§ **Exercise goal**:
Only the pictures are to be dropped, and the rest of the data should be copied exactly.

§ **Record set**:
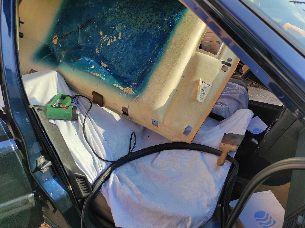J'ai enlevé tout ça hier et ce n’était pas vraiment une partie de plaisir. Il faut éviter de décoller le tissu avant de sortir le ciel de toit, au risque de voir la colle se déposer partout dans l'habitacle en petites particules goudronneuses. Le ciel de toit est composé de deux surfaces en fibre avec entre les deux, une petite épaisseur de mousse jaune. Cette mousse s'est totalement désagrégée lorsque j'ai commercé à passer la spatule pour tenté de le décoller.
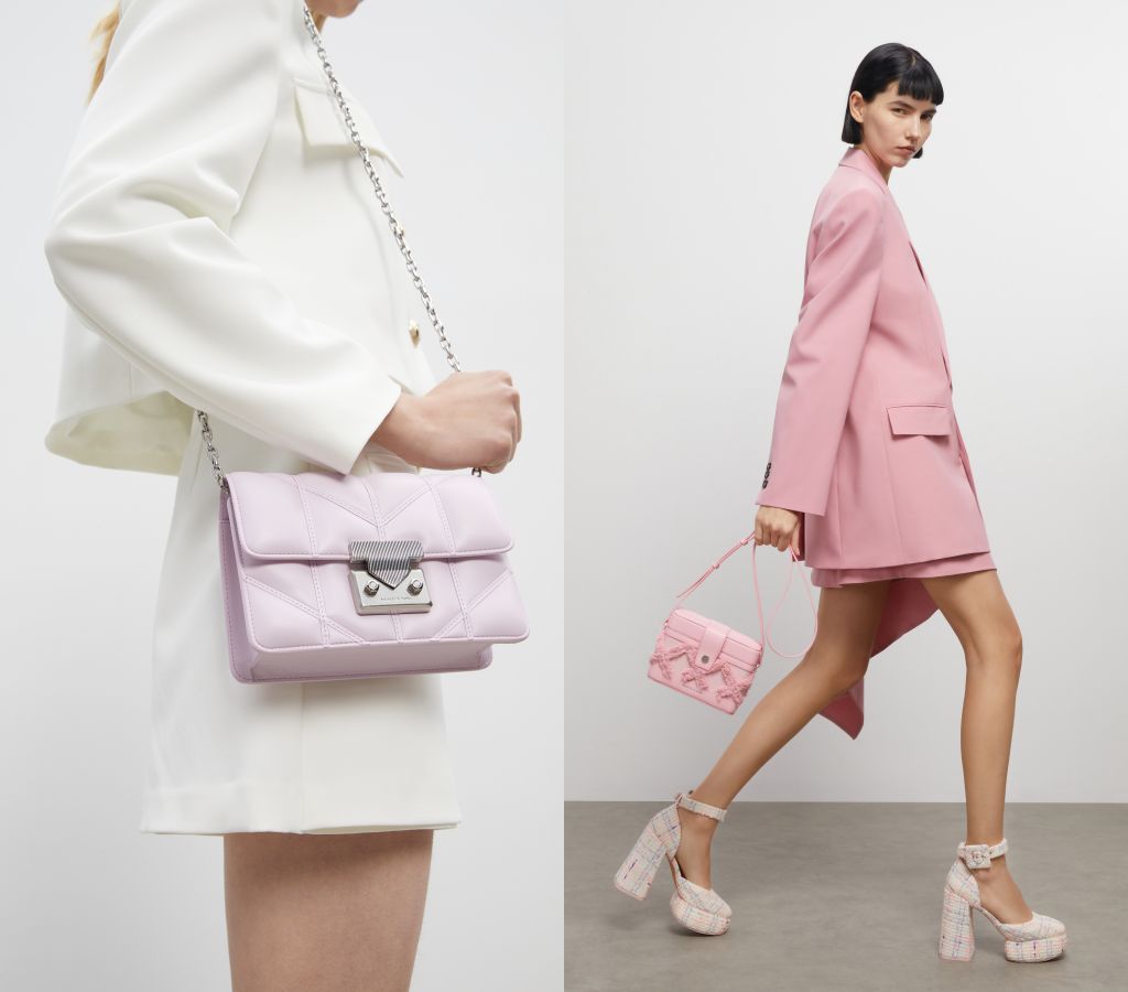 CHARLES & KEITH春季系列以簡單、乾淨的線條設計加上大面積色塊,打造青春洋溢的時尚樂園,充滿活力的各種粉色單品成為本季焦點。俏麗可愛的芭比粉、氣質清新的櫻花粉、熱力四射的桃粉色,不同色階的粉色系帶來不同氛圍,讓造型更有層次。
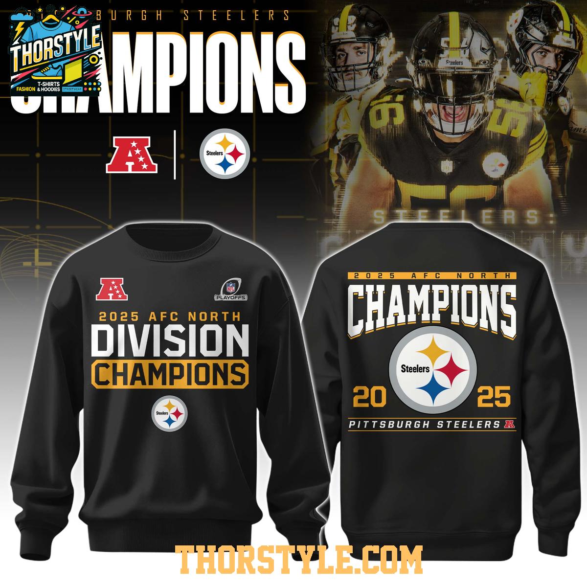 Pittsburgh Steelers AFC North Champions 2025 Cheers Hoodie T-Shirt
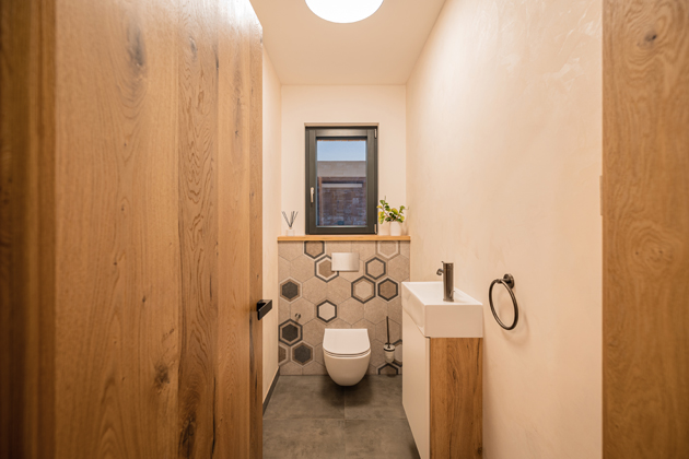 Zdánlivě skromná stavba je příkladem dokonalého sjednocení venkovního obkladu s interiérem, doslova s každou místností domu. Jeho skutečné poklady rozhodně nejsou ukryty v trezoru, ale viditelně rozptýlené. Pečlivý výběr nábytku, barev či použitých materiálů je znát v každém koutě až po nejmenší detaily, jakými jsou solnička s pepřenkou.
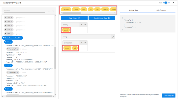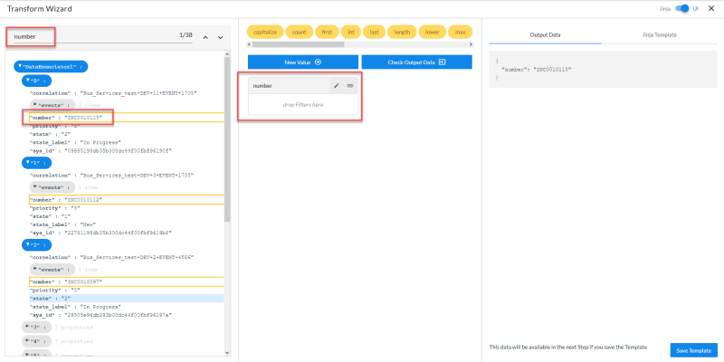 - . Displays the JSON data that was generated by the selected step.
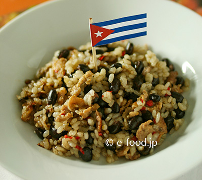 キューバを代表する料理のひとつが、このアロス・コングリ。お赤飯にちょっと似た感じの、日本人にはなじみのある黒いんげん豆の炊き込みご飯です。
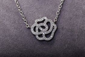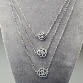 A sterling silver layered necklace featuring three graduated chain link strands, each with a rose pendant in the center. Two pendants are encrusted with cubic zirconia, the third is solid silver. Clasp Marked S 925. This item is accompanied with a certificate of authenticity.
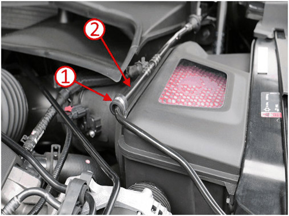 Remove and discard the retaining clip (1) that secures the coolant surge hose to the air box (2).
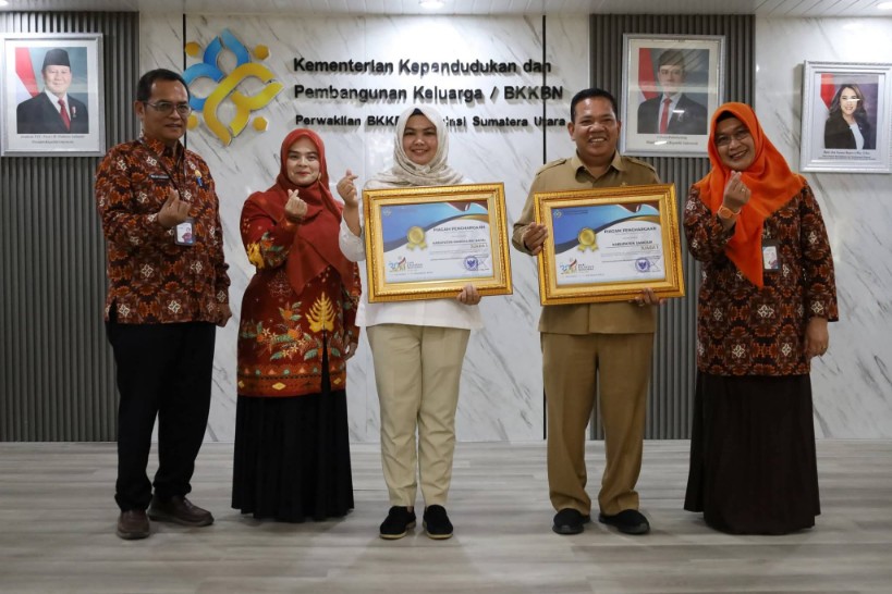 Piagam penghargaan diterima oleh Wakil Bupati Atika Azmi Utammi Nasution dalam agenda Rapat Pengendalian Program dan Anggaran di Aula Perwakilan BKKBN Sumut pada Selasa, 28 April 2026.

§ **Exercise result**:
J'ai enlevé tout ça hier et ce n’était pas vraiment une partie de plaisir. Il faut éviter de décoller le tissu avant de sortir le ciel de toit, au risque de voir la colle se déposer partout dans l'habitacle en petites particules goudronneuses. Le ciel de toit est composé de deux surfaces en fibre avec entre les deux, une petite épaisseur de mousse jaune. Cette mousse s'est totalement désagrégée lorsque j'ai commercé à passer la spatule pour tenté de le décoller.
 CHARLES & KEITH春季系列以簡單、乾淨的線條設計加上大面積色塊,打造青春洋溢的時尚樂園,充滿活力的各種粉色單品成為本季焦點。俏麗可愛的芭比粉、氣質清新的櫻花粉、熱力四射的桃粉色,不同色階的粉色系帶來不同氛圍,讓造型更有層次。
 Pittsburgh Steelers AFC North Champions 2025 Cheers Hoodie T-Shirt
 Zdánlivě skromná stavba je příkladem dokonalého sjednocení venkovního obkladu s interiérem, doslova s každou místností domu. Jeho skutečné poklady rozhodně nejsou ukryty v trezoru, ale viditelně rozptýlené. Pečlivý výběr nábytku, barev či použitých materiálů je znát v každém koutě až po nejmenší detaily, jakými jsou solnička s pepřenkou.
 - . Displays the JSON data that was generated by the selected step.
 キューバを代表する料理のひとつが、このアロス・コングリ。お赤飯にちょっと似た感じの、日本人にはなじみのある黒いんげん豆の炊き込みご飯です。
 A sterling silver layered necklace featuring three graduated chain link strands, each with a rose pendant in the center. Two pendants are encrusted with cubic zirconia, the third is solid silver. Clasp Marked S 925. This item is accompanied with a certificate of authenticity.
 Remove and discard the retaining clip (1) that secures the coolant surge hose to the air box (2).
 Piagam penghargaan diterima oleh Wakil Bupati Atika Azmi Utammi Nasution dalam agenda Rapat Pengendalian Program dan Anggaran di Aula Perwakilan BKKBN Sumut pada Selasa, 28 April 2026.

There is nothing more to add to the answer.